Discussion in 'Planetary Annihilation General Discussion' started by lokiCML, December 16, 2014.

  1. lokiCML

    lokiCML Post Master General

    Messages:
    1,973
    Likes Received:
    953
    Please Note: I cannot say with 100% accuracy what the system does due to the changes made by Uber Ent. This is only meant to be informative. So that people have a better understanding of what's going on with the ranking system.
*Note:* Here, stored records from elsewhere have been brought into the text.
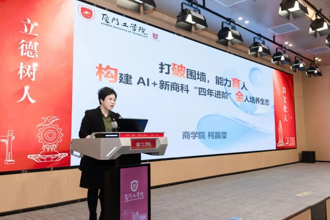 下午的分享从“锚定数智创新,聚力铸魂育人一一思政学院人才培养提质攻坚行动计划”开始,思政学院马新妍院长锚定学校“三型一体”人才培养定位,以“一个核心目标、三大攻坚任务、四项保障”措施为抓手,聚焦打造“AI+思政+实践”三位一体特色育人体系,推动传统思政模式迭代升级;体育学院余家红院长聚焦体育“强人教育”理念与实践路径,系统阐述了以体育素养赋能学生终身发展的新蓝图与行动规划;融新学院黄蓓院长解读了学院人才培养方案,明确五大培养目标、九大核心能力,展现了融新学院的时代之问、融新之道、实践之果与未来之思。
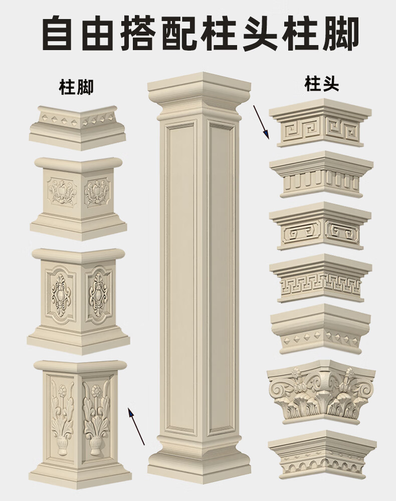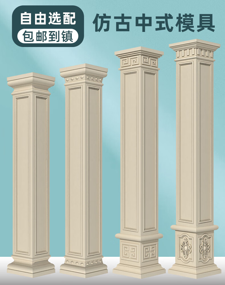 Chaosihui Roman square column mold European-style villa gate column model cement smooth square column building template complete set 50 cm wide 3.72 meters high lattice head + antique
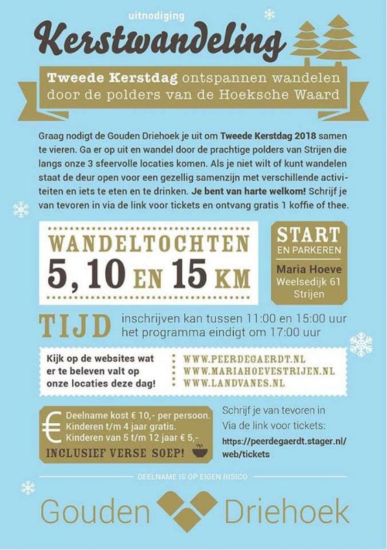 HOEKSCHE WAARD – De Gouden Driehoek van de Hoeksche Waard verzorgt ook dit jaar weer een kerstwandeling. Deze wandeling vindt plaats op woensdag 26 december 2018. Start bij Maria Hoeve Strijen ( tussen 11.00 en 15.00 uur)
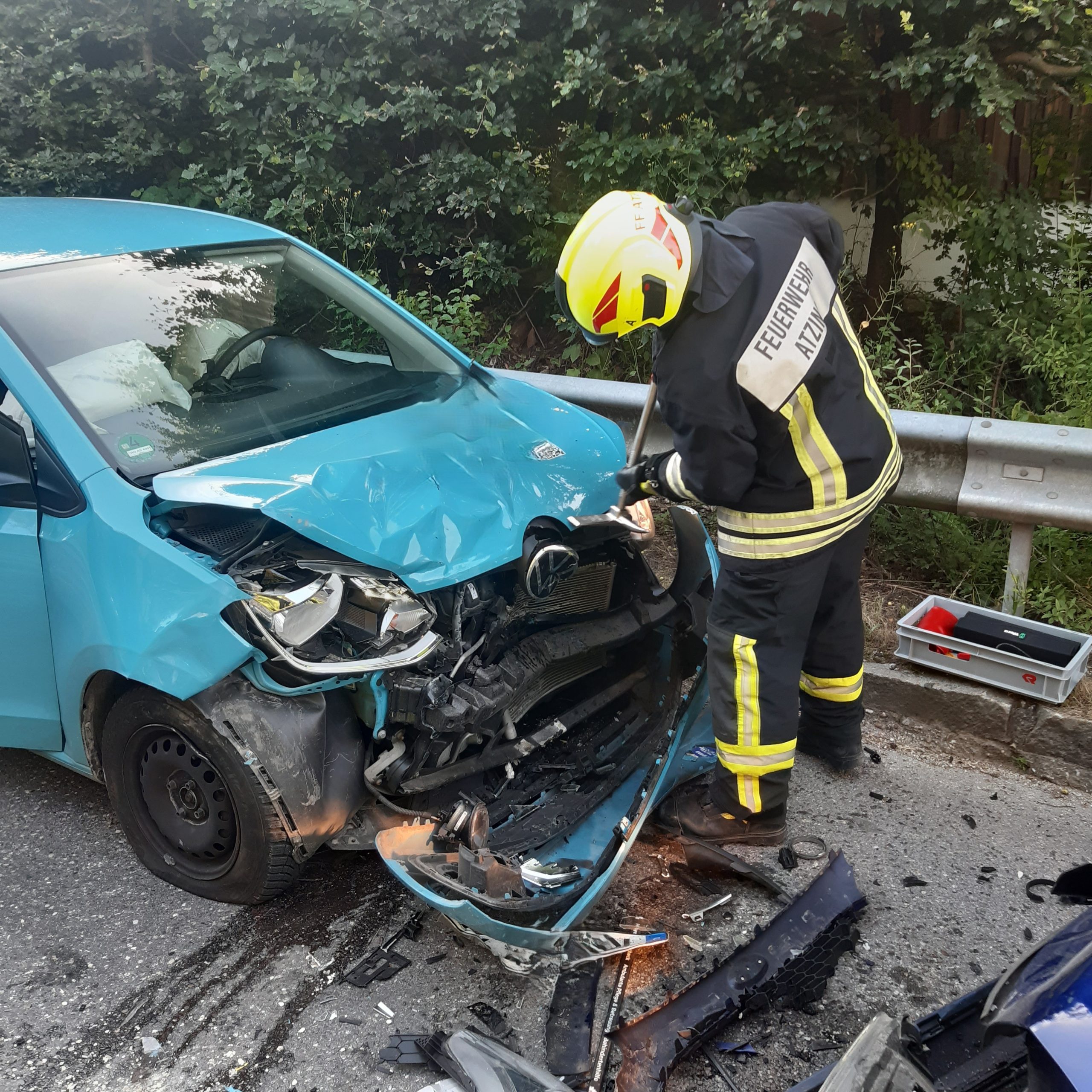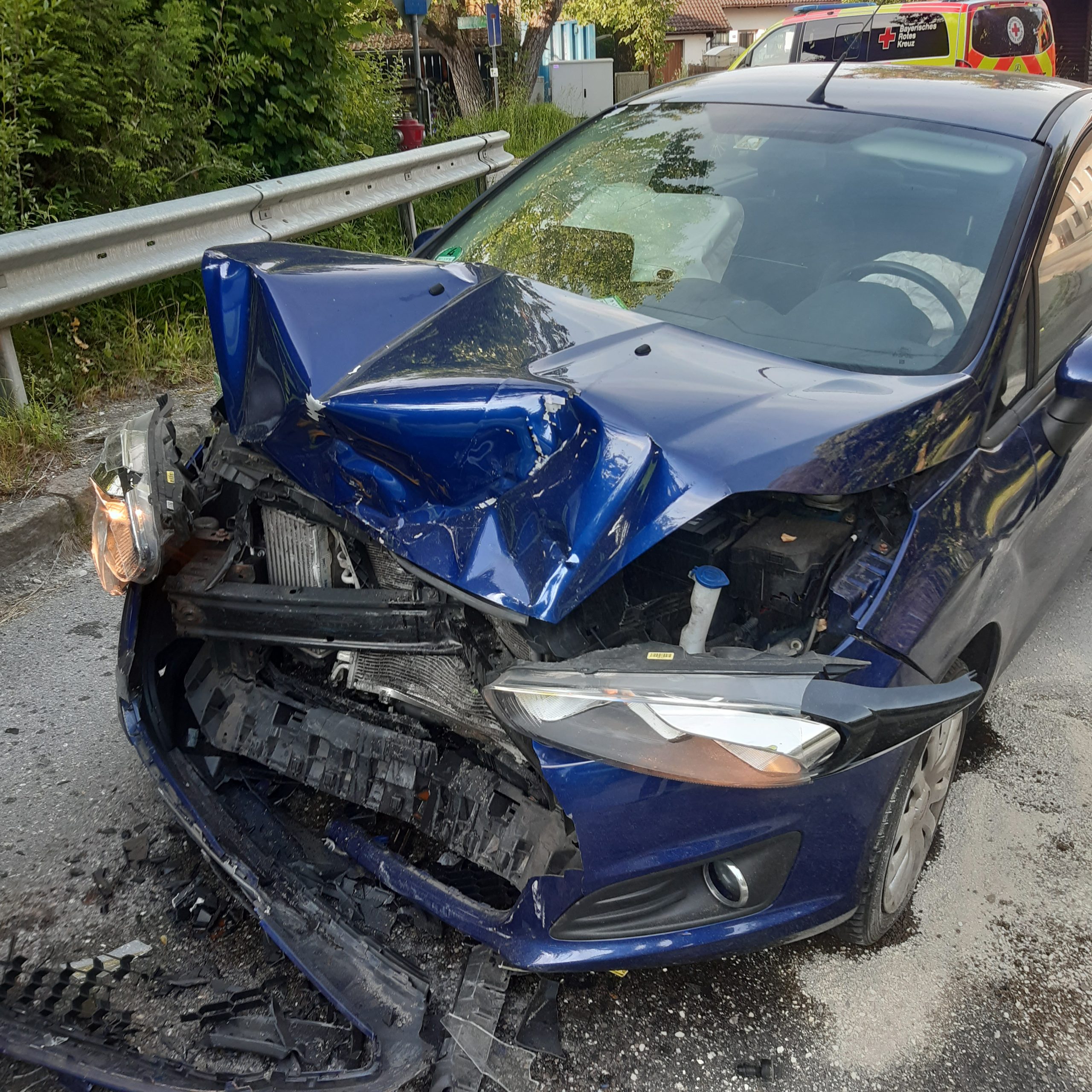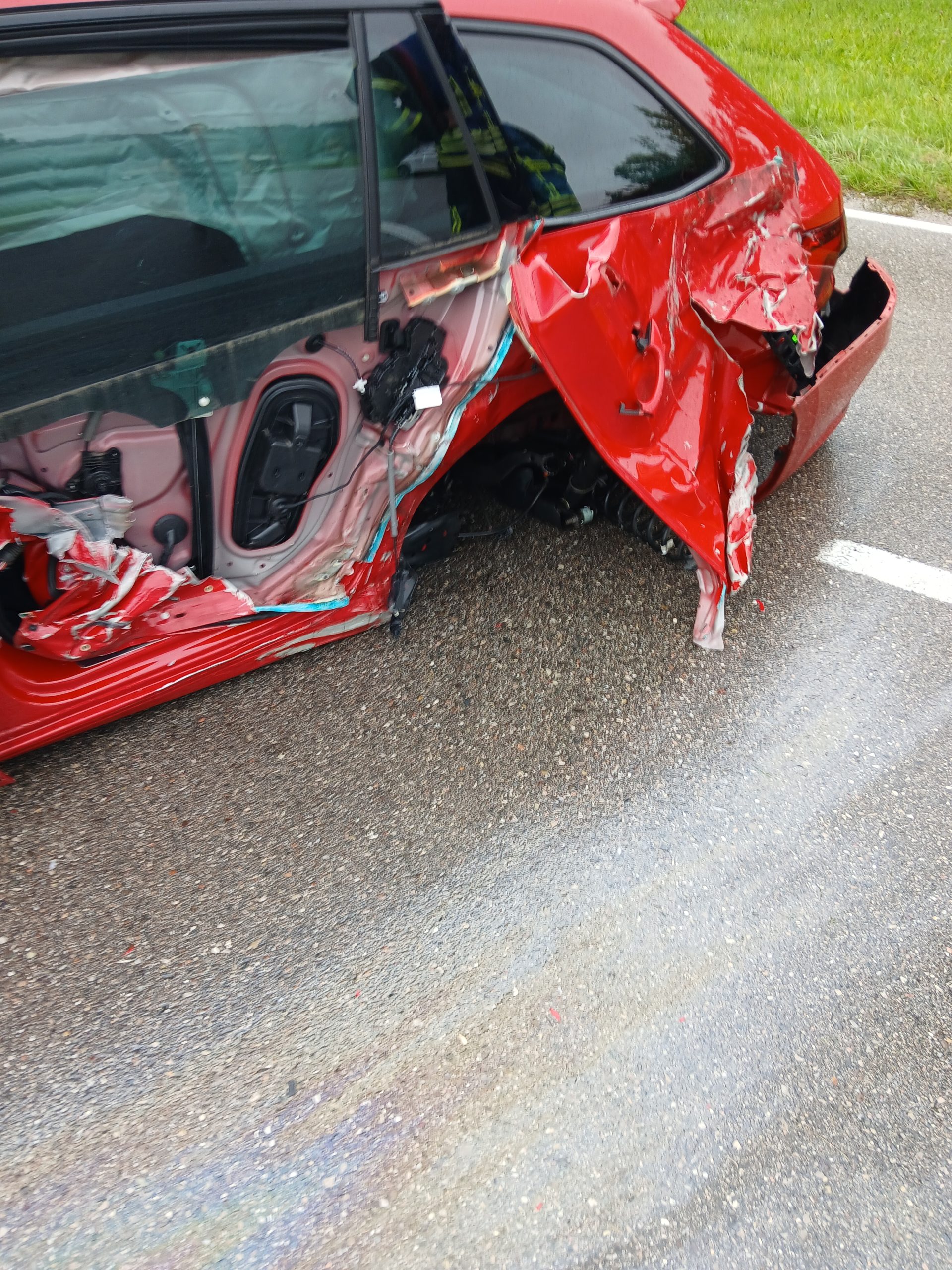 Grund der heutigen Alarmierung war ein Verkehrsunfall zwischen einem Motorrad und einem Pkw. Auf der ST 2093 zwischen Bacham und Prutdorf geriet ein Motorradfahrer in einer Kurve auf die Gegenfahrbahn und kollidierte frontal mit einem entgegenkommenden Pkw. Der Motorradfahrer wurde ca. 30 Meter in ein angrenzendes Feld geschleudert. Wir unterstützten den Rettungsdienst bei der Versorgung des Motorradfahrers und der drei Insassen des beteiligten Pkws. Die Insassen des Pkws wurden mit leichteren Verletzungen ins Krankenhaus gebracht. Der Motorradfahrer wurde mit schwersten Verletzungen ins Klinikum Traunstein geflogen. Des weiteren wurde durch uns der Brandschutz sicher gestellt und eine Umleitung eingerichtet. Nach der Bergung der Fahrzeuge konnte die Straße nach 2 Stunden wieder freigegeben werden.

    But before I start talking about Glicko rating system. What is the purpose of a rating system? For me: it is about finding the closest interesting matched possible between a given set of players. It is not about giving incentive to the player by showing progression or otherwise. (But I do believe there should be a way to show progress but that's another topic.) Again it's about getting the closest matches reasonably possible. Also Glicko belongs to a family of rating systems that are probabilistic ("best guess") in nature. These include ELO, Glicko, and TrueSkill™ they are the Bayesian-based rating systems.

    Glicko Rating Systems

    It was developed as a extension to ELO by Professor Mark Glickman. The problem that he was trying to resolve was reliability of the rating which ELO provides no such metric. So he came up with Rating Deviation (RD) or standard deviation (in statistical terms) which is a measurement of uncertainty in a given rating. A high RD shows that the player's rating unreliable. Either because they're not playing frequently or is a beginner. A low RD shows that the player competes regularly.[1]

    A player's rating only changes from game outcomes but the RD updates both from game outcomes and time that lapses well not playing. The effect of this is the player's RD always decreases with games completed. Also RD always increases when the players do not participate in the rated games. Glicko learn about the player when they compete in more ranked matches lowering the RD because player's ability is better known. As time elapses well not playing ranked games it becomes more uncertain about the player's strength increasing the RD. [1]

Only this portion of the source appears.